THE PROBLEM
When you reach the line with "and Johnston, 1991;" in the records below, begin transcribing exactly and continue up to and including the line with "Blouse Color:Wine, Mauve", leaving out every picture.

DATA SHOWN
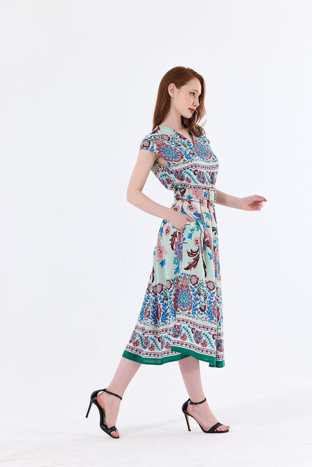 Sense Su Yeşili Kemer Detaylı Uzun Empirme Viskon Jile Elbise | Elb35648
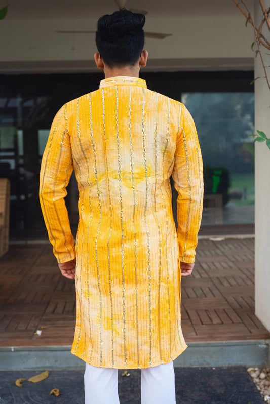 Yellow Mirror Work Checks Tie & Dye Kurta
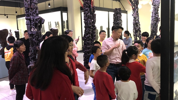 也許是被熱情的笑容和鼓舞所感染,天真活潑的小朋友們一到現(xiàn)場便與非洲大哥哥大姐姐們迅速的打成一片,毫無距離感。在非洲哥哥姐姐們的鼓聲引領(lǐng)下,同學(xué)們首先來到非洲文化博物館,由于大家都是第一次接觸非洲藝術(shù)品,哇哇哇的贊嘆聲此起彼伏,博物館工作人員瞬間被大家緊緊包圍,對(duì)各種藝術(shù)品提出了無數(shù)個(gè)五花八門的問題,真正成了“十萬個(gè)為什么”“案發(fā)現(xiàn)場”?!榜R賽人為什么住牛糞房子啊?”“木頭為什么是黑色的啊”“坐了酋長椅是不是就可以做酋長了?”……由于同學(xué)們第一次這么近距離接觸非洲文化,實(shí)在是太好奇太熱情,與各種藝術(shù)品親密接觸拍照、坐酋長椅體驗(yàn)“做酋長”的感覺、甚至工作人員也“網(wǎng)開一面”讓大家騎在大象和獅子木雕上盡情玩耍,導(dǎo)致原本計(jì)劃半小時(shí)的參觀時(shí)間足足一個(gè)半小時(shí)才結(jié)束。
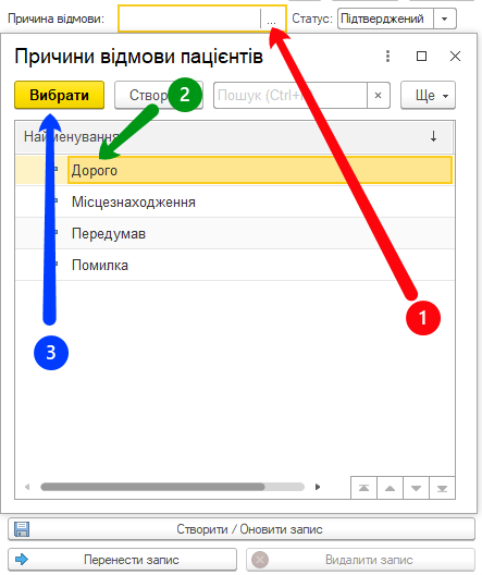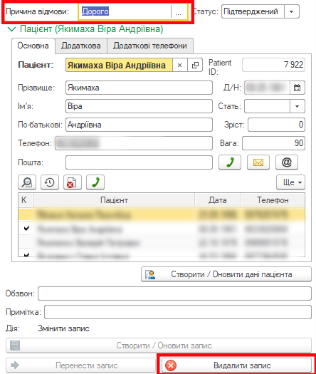 Натиснувши кнопку «Створити / оновити запис» введені дані з лівої панелі переносяться в рядок журналу, після чого відбувається скидання резервування часу і очищення даних запису (поля обстеження і пацієнта), а також очищення поточної дії. Це свідчить про те, що поточна дія завершена успішно і можна виконувати інші дії.
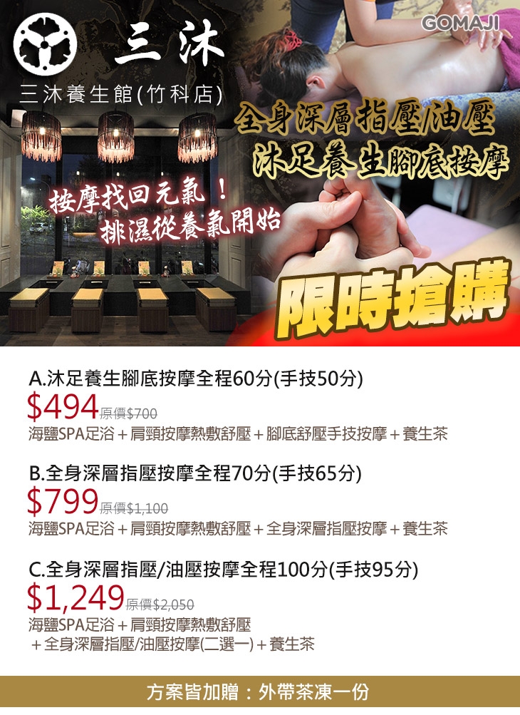 A.沐足養生腳底按摩全程60分(手技50分) / B.全身深層指壓按摩全程70分(手技65分) / C.全身深層指壓/油壓按摩全程100分(手技95分)
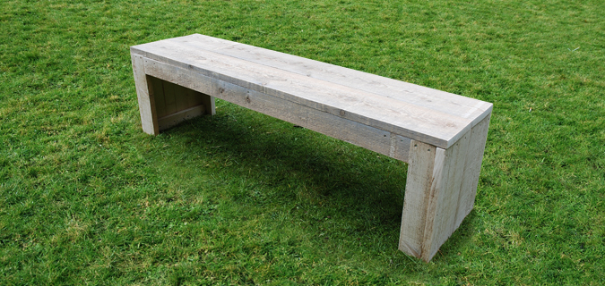 Bank Steigerhout, 160 cm x 30 cm greywash
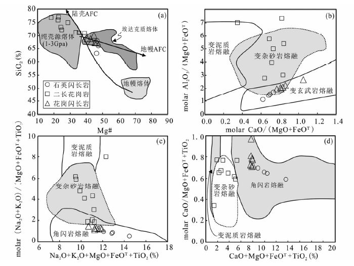 岩浆体积添加速率的初步估算表明,香日德岩基存在着三个旋回性发展的阶段。这种阶段性不仅与构造背景的转变密切相关,也与源区性质的变化紧密联系。实验岩石学对大陆下地壳不同源岩的大量熔融实验研究表明,来自变基性岩熔融的岩浆比来自变沉积岩熔融的岩浆具有更低的(Na2O+K2O)/(FeOT+MgO+TiO2)、CaO/(FeOT+MgO+TiO2)和Al2O3/(FeOT+MgO)比值,更高的CaO/(MgO+FeOT)和CaO+FeOT+MgO+TiO2比值(Patiño Douce and Johnston, 1991; Rapp et al., 1991; Rapp and Watson, 1995)。香日德岩基第一阶段岩浆岩具有与变基性岩部分熔融产生的岩浆相似的特征(图 8),指示岩浆可能来源于基性下地壳的部分熔融。然而,岩体内还发育镁铁质暗色微粒包体,可以认为,第一阶段石英闪长岩既与基性下地壳熔融有关,也存在幔源玄武质岩浆的叠加和混合作用。
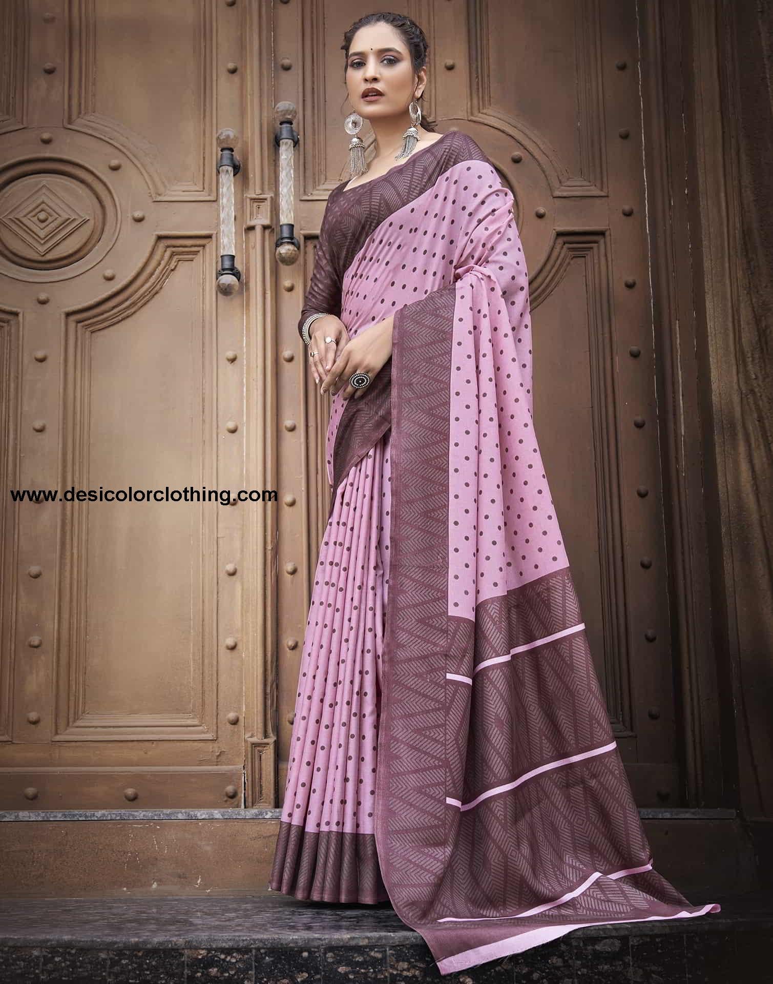 Blouse Color:Wine, Mauve Blouse Fabric:Dola Silk Blouse Length:0.80 Mtr Blouse Work:Geometric Printed Saree Color:Light Pink, Wine, Mauve Saree Fabric:Dola Silk Saree Length:5.50 Mtr Saree Work:Geometric Printed
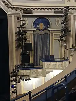 The balcony level is divided into front and rear sections by an aisle halfway across its depth. The walls of the balcony level are angled sideways to accommodate the theater's shape.[18] The side walls (near the boxes) are decorated in the Adam style, with fan shapes inside arches, which in turn are augmented by motifs such as swags.[18][19] The rear walls and the balcony's underside contain plasterwork paneling. The balcony's front rail contains Adam-style paneling and lights.[18] A smoking room and a mezzanine room adjoined the balcony level.[14]
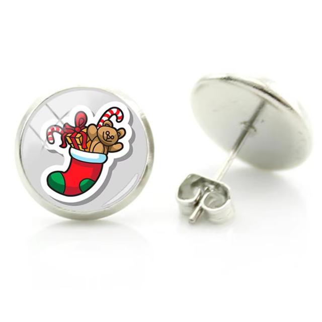 靴下いっぱいに詰められたクリスマスプレゼントをデザインしたカボションをスタッドピアスにセットしたオシャレなファッションピアス。
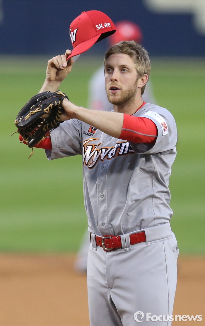 (서울=포커스뉴스) 26일 서울 잠실구장에서 열린 2016 프로야구 SK-두산 경기에서 1회말 SK 선발투수 켈리가 주심에게서 볼을 받고 있다.

RESULT OF THE TASK
 岩浆体积添加速率的初步估算表明,香日德岩基存在着三个旋回性发展的阶段。这种阶段性不仅与构造背景的转变密切相关,也与源区性质的变化紧密联系。实验岩石学对大陆下地壳不同源岩的大量熔融实验研究表明,来自变基性岩熔融的岩浆比来自变沉积岩熔融的岩浆具有更低的(Na2O+K2O)/(FeOT+MgO+TiO2)、CaO/(FeOT+MgO+TiO2)和Al2O3/(FeOT+MgO)比值,更高的CaO/(MgO+FeOT)和CaO+FeOT+MgO+TiO2比值(Patiño Douce and Johnston, 1991; Rapp et al., 1991; Rapp and Watson, 1995)。香日德岩基第一阶段岩浆岩具有与变基性岩部分熔融产生的岩浆相似的特征(图 8),指示岩浆可能来源于基性下地壳的部分熔融。然而,岩体内还发育镁铁质暗色微粒包体,可以认为,第一阶段石英闪长岩既与基性下地壳熔融有关,也存在幔源玄武质岩浆的叠加和混合作用。
 Blouse Color:Wine, Mauve Blouse Fabric:Dola Silk Blouse Length:0.80 Mtr Blouse Work:Geometric Printed Saree Color:Light Pink, Wine, Mauve Saree Fabric:Dola Silk Saree Length:5.50 Mtr Saree Work:Geometric Printed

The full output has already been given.